Żydzi odwiedzają muranowskiego Glazurnika - antysemitę, konformistę i egoistę, niezainteresowanego niczym, poza własnym poczuciem komfortu. Jest tylko biernym obserwatorem, który jednak w czasie tytułowej "nocy" będzie musiał opowiedzieć się po czyjejś stronie.

W spektaklu pojawia się pytanie, czy Polacy i Żydzi mogliby dziś żyć razem? Na to pytanie twórcy spektaklu odpowiadają, posługując się humorystyczną, lekką formą, nawiązującą do twórczości filmowej Quentina Tarantino, komiksów i filmów klasy B.
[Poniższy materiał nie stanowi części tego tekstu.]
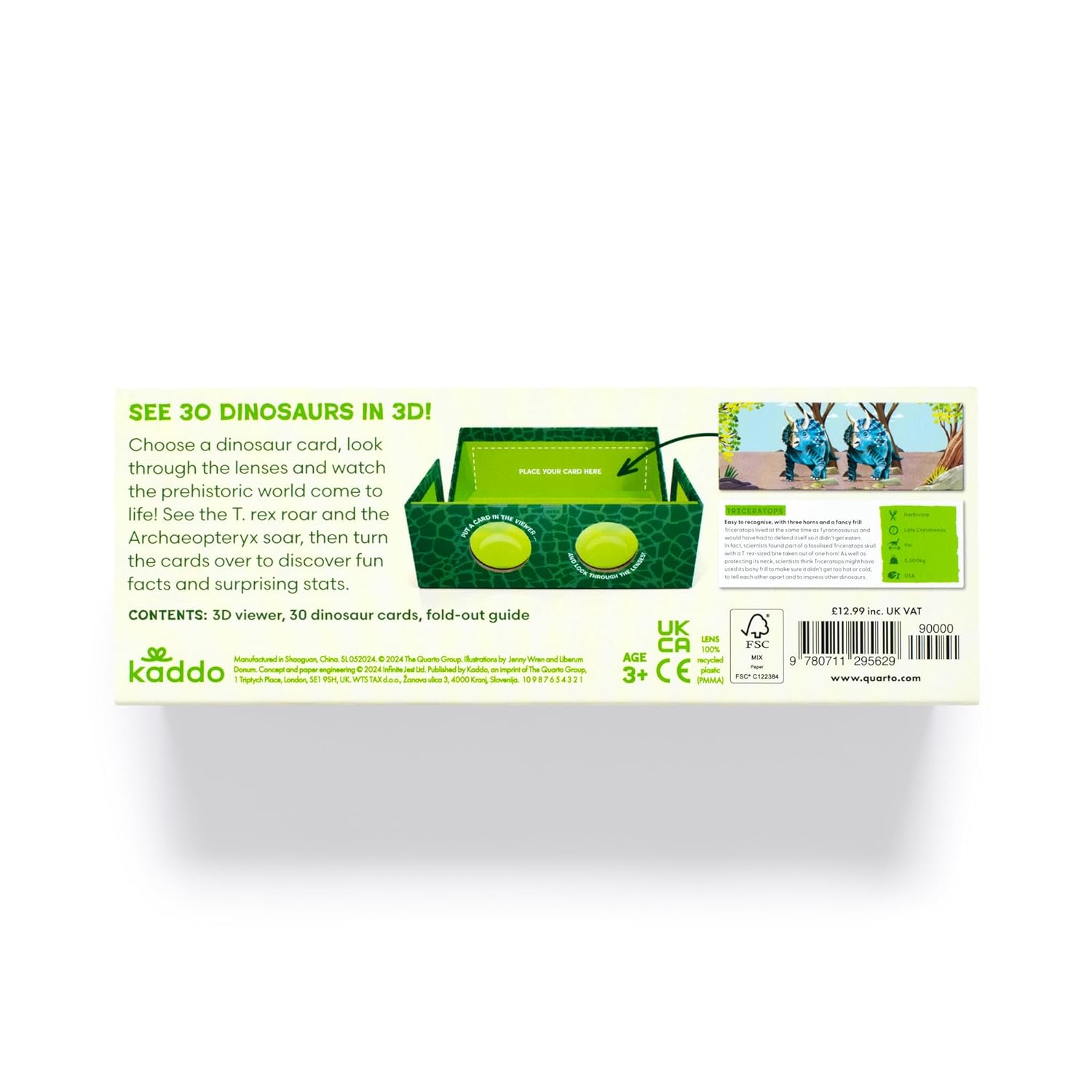 The immersive 3D viewer contains 3D lenses, 30 dinosaur cards, and an instructions and games leaflet.

- Zrobiliśmy sobie mentalną wycieczkę - oglądaliśmy stare materiały, szukaliśmy informacji o tym, jak to jest z Muranowem. Fakty, w obliczu których stanęliśmy, są niewyobrażalne - co tam się stało (...). To jest cmentarz i to ludzi, którzy zginęli często nawet nie wiedząc o tym, że giną - mówił Krzysztof Ogłoza, wcielający się w postaci Fakira, Kogoś Złego i Zupełnie Złego.

Jak dodał, "to bardzo popkulturowy i postmodernistyczny spektakl". - Mieszają się gatunki muzyczne, a także środki, jakich używamy w teatrze. Nie jest to spektakl skromny, widać to po scenografii, mappingu i projekcjach. Jednocześnie nie jest to efekciarski spektakl - ocenił.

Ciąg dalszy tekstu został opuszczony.